1998 Domaine de Croix de Chevre Morgon – We liked this one, although I seem to remember Bill saying it wasn’t a very good example of a Morgon. Domaine de Croix de Chevre sounds like it should mean “Realm of the Crucified Goat,” but probably doesn’t.
2000 Trapiche Malbec – An Argentinean… Argentinian… Argentine… A wine from Argentina that saw a lot of action. Bill said it wasn’t a good example of a Malbec.
2001 Delas Côtes du Ventoux – Very tasty. And French. In your face, jingoistic war-mongers!
2002 Tiefenbrunner Pinot Grigio – Our first white wine on the list, and a darn nice one.

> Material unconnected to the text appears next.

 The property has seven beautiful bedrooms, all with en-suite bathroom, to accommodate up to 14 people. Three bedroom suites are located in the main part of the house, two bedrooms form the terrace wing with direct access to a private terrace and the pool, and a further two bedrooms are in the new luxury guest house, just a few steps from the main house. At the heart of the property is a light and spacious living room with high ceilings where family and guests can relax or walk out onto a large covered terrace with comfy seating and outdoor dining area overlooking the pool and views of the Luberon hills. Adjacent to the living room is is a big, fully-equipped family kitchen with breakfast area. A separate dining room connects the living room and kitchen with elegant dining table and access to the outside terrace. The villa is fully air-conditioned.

2001 Ballantrae Barossa Valley Shiraz – Good, I’m back on familiar ground here. I at least know which words on the label I’m supposed to talk about. This was a really nice Aussie shirAZZ.
The Check Plus Pluses:
2000 Domaine de Beaurenard Côtes du Rhône – There comes a point in the evening when all of the wine has been drunk except the two bottles wrapped in tissue paper that your Dad gave you for Christmas that probably weren’t ten bucks a bottle and that you swore you weren’t going to open. And then you do. How surprised am I, really? Dad, we liked these a lot. I hope I wasn’t supposed to lay these down for my first son’s 21st birthday or anything. I showed them to Bill and asked if I should open them. He said, “If you’re just going to keep them here in the kitchen at room temperature, you might as well drink them now.” He managed to keep the sneer off his face, which I appreciated, and he didn’t vocalize the unspoken, “And I’m sure they’ll go nicely with Cheetos, you peasant.”

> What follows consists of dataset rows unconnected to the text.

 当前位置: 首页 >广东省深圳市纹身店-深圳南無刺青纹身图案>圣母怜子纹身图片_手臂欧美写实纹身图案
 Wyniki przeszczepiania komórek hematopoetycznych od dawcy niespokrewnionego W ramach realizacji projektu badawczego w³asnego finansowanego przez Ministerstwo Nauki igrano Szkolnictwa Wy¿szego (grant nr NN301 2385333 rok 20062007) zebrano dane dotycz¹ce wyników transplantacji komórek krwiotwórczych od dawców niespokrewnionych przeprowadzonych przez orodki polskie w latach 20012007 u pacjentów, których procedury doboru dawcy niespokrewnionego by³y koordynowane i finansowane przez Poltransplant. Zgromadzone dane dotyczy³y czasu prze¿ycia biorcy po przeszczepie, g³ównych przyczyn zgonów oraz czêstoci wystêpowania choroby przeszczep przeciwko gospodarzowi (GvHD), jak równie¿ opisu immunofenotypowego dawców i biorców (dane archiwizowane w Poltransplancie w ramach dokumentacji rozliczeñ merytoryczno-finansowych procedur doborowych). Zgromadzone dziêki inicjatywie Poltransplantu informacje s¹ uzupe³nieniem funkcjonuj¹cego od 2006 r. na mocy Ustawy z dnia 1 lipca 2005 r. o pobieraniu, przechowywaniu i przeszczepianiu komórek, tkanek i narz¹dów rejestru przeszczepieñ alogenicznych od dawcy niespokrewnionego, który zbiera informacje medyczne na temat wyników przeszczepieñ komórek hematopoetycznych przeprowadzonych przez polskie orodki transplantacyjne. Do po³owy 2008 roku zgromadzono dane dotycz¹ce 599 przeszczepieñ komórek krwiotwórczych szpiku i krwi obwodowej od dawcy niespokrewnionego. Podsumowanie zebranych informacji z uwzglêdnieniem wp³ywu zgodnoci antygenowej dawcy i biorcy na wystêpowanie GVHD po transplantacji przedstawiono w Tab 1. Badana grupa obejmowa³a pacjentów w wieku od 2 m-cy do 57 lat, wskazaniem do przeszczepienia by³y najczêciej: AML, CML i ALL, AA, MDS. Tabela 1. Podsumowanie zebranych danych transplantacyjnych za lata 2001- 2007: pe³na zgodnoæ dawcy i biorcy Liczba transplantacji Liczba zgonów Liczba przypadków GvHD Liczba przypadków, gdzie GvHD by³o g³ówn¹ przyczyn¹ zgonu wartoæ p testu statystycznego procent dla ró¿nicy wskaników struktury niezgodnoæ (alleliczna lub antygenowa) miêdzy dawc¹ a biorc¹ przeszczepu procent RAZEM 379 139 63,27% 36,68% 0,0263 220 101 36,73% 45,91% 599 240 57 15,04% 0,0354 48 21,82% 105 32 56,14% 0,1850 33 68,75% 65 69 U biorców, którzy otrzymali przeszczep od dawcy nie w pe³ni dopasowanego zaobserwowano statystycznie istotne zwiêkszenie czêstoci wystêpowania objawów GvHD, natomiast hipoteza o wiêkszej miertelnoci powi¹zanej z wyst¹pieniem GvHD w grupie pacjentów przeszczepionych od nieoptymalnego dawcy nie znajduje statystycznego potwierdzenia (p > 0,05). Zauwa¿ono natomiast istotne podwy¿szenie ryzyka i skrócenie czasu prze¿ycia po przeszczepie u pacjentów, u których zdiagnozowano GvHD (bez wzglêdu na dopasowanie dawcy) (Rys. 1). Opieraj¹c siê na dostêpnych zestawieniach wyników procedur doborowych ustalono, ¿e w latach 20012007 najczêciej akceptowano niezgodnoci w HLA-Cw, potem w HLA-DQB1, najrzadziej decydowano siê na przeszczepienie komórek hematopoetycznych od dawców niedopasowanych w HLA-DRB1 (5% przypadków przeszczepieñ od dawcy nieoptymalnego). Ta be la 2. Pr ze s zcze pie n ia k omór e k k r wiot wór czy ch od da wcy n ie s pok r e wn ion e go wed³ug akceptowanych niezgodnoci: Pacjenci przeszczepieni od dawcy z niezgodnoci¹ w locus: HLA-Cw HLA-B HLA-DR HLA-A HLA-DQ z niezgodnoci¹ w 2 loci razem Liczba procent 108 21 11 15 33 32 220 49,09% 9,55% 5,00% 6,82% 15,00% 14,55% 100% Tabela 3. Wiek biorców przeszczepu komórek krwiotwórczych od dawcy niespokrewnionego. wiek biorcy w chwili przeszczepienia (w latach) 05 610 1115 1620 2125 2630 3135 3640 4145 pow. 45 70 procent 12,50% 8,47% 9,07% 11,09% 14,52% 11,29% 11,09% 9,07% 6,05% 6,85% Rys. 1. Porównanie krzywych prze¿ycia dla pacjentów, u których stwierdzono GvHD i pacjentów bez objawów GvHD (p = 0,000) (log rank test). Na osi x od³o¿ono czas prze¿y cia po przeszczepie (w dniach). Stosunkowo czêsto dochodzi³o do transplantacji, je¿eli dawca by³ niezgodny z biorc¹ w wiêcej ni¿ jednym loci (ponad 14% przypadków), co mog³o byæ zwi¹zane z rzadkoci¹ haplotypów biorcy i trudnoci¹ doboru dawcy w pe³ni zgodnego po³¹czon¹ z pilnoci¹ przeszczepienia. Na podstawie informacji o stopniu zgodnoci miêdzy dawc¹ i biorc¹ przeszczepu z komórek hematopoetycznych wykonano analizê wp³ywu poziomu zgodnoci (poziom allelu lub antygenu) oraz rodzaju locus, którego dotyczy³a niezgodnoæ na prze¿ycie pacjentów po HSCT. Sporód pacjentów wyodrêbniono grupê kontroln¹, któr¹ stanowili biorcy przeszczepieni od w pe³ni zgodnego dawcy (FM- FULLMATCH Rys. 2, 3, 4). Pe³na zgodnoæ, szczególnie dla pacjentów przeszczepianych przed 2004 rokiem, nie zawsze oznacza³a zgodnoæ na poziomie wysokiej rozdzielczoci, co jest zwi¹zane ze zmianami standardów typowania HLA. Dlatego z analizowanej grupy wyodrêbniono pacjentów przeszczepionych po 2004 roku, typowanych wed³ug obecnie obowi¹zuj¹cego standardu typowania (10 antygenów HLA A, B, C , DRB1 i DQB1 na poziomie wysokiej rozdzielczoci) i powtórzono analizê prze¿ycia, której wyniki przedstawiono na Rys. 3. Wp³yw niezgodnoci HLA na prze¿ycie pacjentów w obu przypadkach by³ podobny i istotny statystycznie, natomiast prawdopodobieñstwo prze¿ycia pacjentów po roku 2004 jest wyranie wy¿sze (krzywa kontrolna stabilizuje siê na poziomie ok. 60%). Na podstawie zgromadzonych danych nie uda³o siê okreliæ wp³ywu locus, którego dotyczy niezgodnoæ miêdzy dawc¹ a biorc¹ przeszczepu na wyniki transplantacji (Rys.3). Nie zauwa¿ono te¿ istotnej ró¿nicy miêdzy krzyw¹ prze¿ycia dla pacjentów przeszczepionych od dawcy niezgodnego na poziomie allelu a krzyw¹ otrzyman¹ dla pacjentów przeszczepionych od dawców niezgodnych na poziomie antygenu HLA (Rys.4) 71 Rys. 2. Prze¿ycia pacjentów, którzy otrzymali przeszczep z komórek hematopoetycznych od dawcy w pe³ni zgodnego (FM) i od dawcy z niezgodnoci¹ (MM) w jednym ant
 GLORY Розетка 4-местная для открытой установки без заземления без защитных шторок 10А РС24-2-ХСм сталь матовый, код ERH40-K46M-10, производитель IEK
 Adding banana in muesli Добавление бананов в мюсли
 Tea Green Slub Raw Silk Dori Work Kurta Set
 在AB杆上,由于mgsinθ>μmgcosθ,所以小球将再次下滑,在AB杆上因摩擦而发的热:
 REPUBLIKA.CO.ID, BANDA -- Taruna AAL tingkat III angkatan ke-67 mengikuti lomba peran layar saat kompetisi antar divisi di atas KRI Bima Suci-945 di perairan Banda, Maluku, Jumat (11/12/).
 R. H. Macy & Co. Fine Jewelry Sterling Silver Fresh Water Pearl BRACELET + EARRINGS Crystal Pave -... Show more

Oh dear Lord. There’s some wine left in one of these bottles. I couldn’t possibly. No, please. No more wine. I’ve had… hey, that’s pretty good. And there is a bit of cheese left, if only the stuff that smells like ass. And I think I have some port. Be right back.

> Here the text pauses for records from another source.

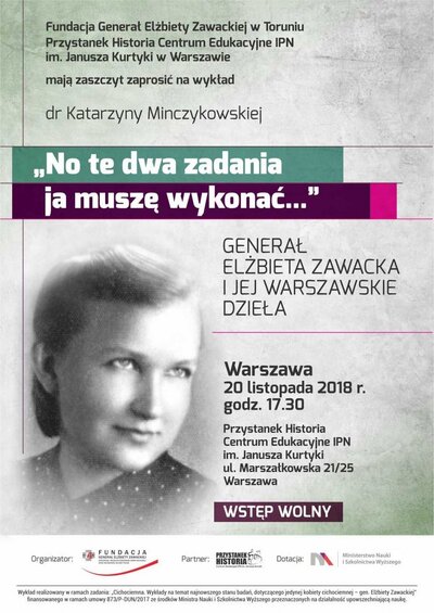 Przystanek Historia – Centrum Edukacyjne IPN im. Janusza Kurtyki zaprasza na wykład dr Katarzyny Minczykowskiej „»No te dwa zadania ja muszę wykonać…”« Gen. Elżbieta Zawacka i jej warszawskie dzieła”.
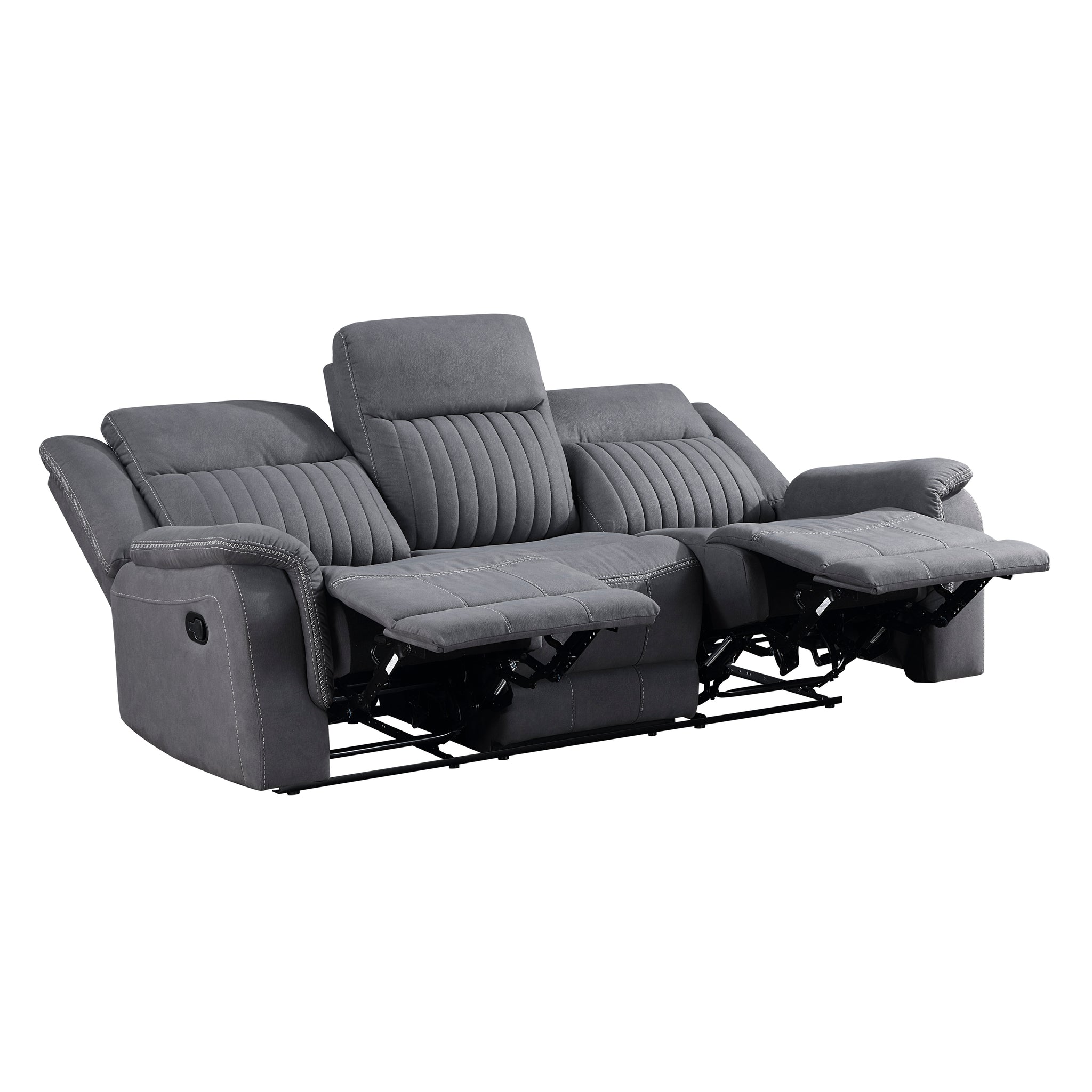 Convenience and comfort provide the basis of the design of the Dean Collection while the unfettered lines of modern design lend a casual air to the seating group’s profile. The sofa features dual reclining ends while the manual motion mechanisms allow for your reclined experience and are engaged with a pull of the side mounted tab. Gray polished microfiber presents as a neutral palette for your home’s subtle modern style.
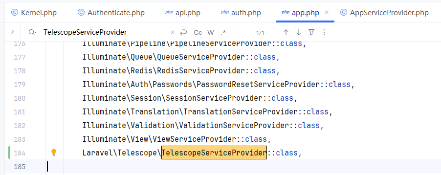 2、发现应用程序的 config/app.php 配置文件中 TelescopeServiceProvider 服务提供者注册 已经删除。先再次添加回去。如图2
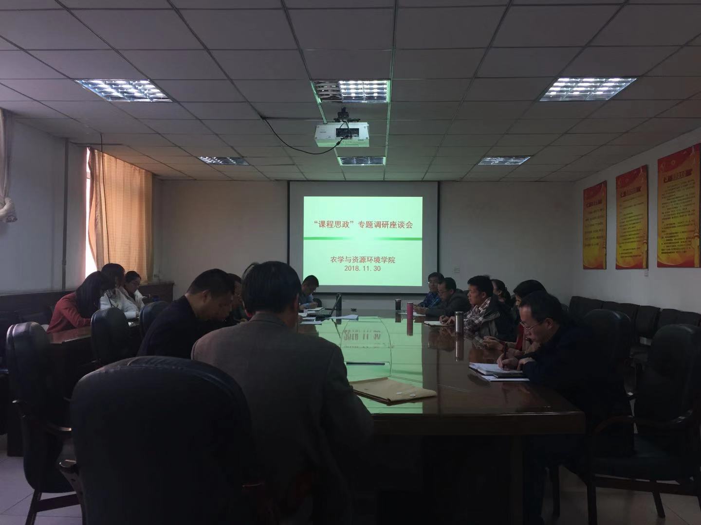 为深入贯彻落实全国高校思想政治工作会议精神,把思想政治工作贯穿教育教学全过程,20181130日下午,农学与资源环境学院分别召开了“课程思政”专题调研教师及学生座谈会。会议在实验楼210举行。学院领导、各系主任、党支部书记、教师及学生代表参加了调研座谈会,会议由学院党委书记、院长吴锡冬主持。
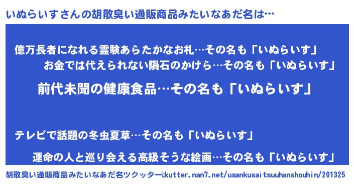 | ヒーロー風カッコイイあだ名 | 『ネオイヌライス』『スーパーイヌライス』 |
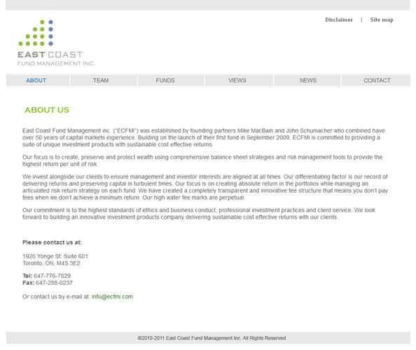East Coast Fund Management inc. (“ECFMI”) was established by founding partners John Schumacher and Mike MacBain who combined have over 50 years of capital markets experience. Building on the launch of their first fund in April 2010, ECFMI is committed to providing a suite of unique investment products with sustainable cost effective returns. Their commitment is to the highest standards of ethics and business conduct, professional investment practices and client service.

2000 Salice Salentino Rosso – Okay, I have no idea what most of the words on this label mean. I know “Rosso” means red. It also says “V.P.Q.R.D.” on the back. My study has not yet led me to an understanding of Italian wine acronyms, so you’re on your own here. This was a fine, full-bodied wine that got a lot of attention.
1999 Wilson Vineyard Polish Hill River Shiraz – Seemingly named by one of those random text generators that spam emailers use, but another nice bottle of plonk from kangaroo country nonetheless. Perhaps we could have a picnic one day on Bethel-Hickory Grove Church Road and drink a bottle of Wilson Vineyard Polish Hill River Shiraz.
2001 Dr. M. Prüm Riesling – German wine labels. Who the hell knows. Luckily, there are only two words, two abbreviations and a number on this one, so I just put ’em all down. Oooh, this was nice. Very full and rich. Bill says it only goes for about ten or twelve bucks a bottle because of something something Spätlese hummina hummina something something Kabinett. But the secret is out and you probably won’t be able to find it because people like him have already bought it all.
And perhaps the star of the show:
2002 Excelsior Cabernet Sauvignon – I asked Bill if he’d tried the South African cab. He said, “If you can give me a South African wine that I like, I’ll be very impressed.” I said, “Here, try this.” He said, “This is really good. What is it?” I said, “It’s the South African cab I mentioned four seconds ago. Are you sure you want to drive home?” He declared it the “best value” of the wines we sampled. But he said it wasn’t a good example of a cabernet sauvignon.
So, there you are, the first jury results from the Inn at Fernwood panel. I should notify the vineyards so that they can place an appropriate symbol of our approval on the bottles. Perhaps a small image of a smiling Pauly Monaco with a bottle in each hand. We’ll call it “The Slacker d’Or.”
Thanks again to all who participated.
Through purple teeth, I wish you all a fond return to PBR for the foreseeable future.